> _Given records_
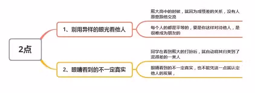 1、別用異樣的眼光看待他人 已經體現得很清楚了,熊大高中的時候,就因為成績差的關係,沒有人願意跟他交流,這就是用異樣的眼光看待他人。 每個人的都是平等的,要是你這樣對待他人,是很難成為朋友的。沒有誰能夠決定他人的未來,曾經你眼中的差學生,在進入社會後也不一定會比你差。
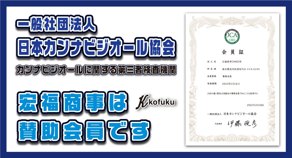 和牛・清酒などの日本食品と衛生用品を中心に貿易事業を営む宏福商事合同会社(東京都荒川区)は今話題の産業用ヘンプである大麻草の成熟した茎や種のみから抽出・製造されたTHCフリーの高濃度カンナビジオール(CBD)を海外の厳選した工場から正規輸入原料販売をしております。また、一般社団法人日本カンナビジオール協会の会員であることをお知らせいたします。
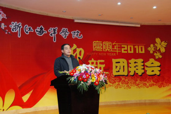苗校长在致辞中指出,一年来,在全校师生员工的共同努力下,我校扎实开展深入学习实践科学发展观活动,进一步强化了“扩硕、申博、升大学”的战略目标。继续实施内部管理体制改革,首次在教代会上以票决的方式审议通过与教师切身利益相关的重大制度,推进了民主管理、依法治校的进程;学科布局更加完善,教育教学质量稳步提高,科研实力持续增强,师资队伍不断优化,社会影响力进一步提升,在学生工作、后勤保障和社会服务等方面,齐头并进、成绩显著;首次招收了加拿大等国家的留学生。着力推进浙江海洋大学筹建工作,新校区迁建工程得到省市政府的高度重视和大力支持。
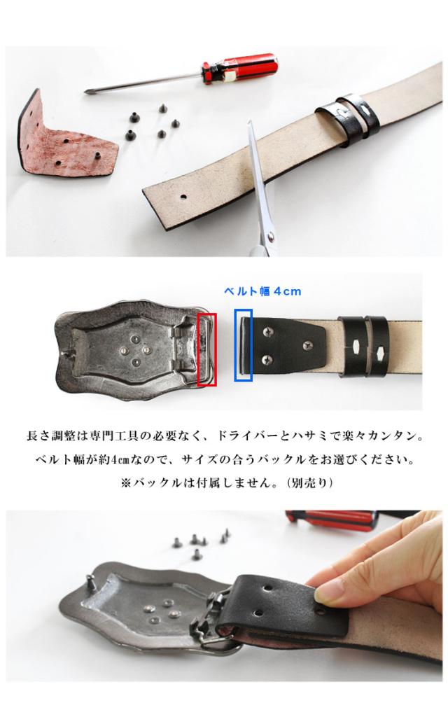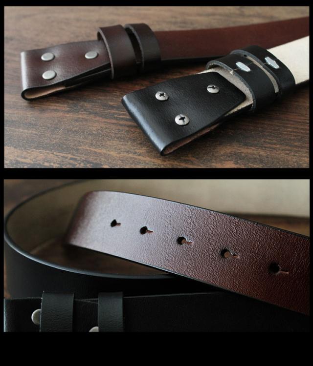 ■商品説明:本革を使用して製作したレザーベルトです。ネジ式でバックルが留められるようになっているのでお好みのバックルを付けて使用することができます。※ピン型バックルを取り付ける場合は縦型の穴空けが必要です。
...
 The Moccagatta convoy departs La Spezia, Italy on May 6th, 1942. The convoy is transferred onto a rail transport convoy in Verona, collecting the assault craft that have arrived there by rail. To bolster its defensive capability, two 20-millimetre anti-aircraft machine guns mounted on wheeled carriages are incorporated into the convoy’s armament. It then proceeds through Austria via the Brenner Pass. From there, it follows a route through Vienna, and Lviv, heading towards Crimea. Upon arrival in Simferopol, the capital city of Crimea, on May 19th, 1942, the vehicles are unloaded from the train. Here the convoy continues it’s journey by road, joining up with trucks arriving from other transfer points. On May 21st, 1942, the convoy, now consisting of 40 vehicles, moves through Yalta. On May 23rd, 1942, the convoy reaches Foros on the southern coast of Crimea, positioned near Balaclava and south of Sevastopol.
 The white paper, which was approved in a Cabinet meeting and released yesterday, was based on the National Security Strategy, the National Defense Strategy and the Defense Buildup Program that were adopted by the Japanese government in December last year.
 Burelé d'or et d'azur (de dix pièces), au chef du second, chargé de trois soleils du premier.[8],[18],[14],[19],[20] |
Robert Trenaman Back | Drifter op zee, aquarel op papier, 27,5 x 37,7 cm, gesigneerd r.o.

> _What you have to do_
Starting at the line above that contains "The white paper, which", write out each line exactly until the line that contains "Robert Trenaman Back" has been written, and stop there.

> _Answer to this problem_
 The white paper, which was approved in a Cabinet meeting and released yesterday, was based on the National Security Strategy, the National Defense Strategy and the Defense Buildup Program that were adopted by the Japanese government in December last year.
 Burelé d'or et d'azur (de dix pièces), au chef du second, chargé de trois soleils du premier.[8],[18],[14],[19],[20] |
Robert Trenaman Back | Drifter op zee, aquarel op papier, 27,5 x 37,7 cm, gesigneerd r.o.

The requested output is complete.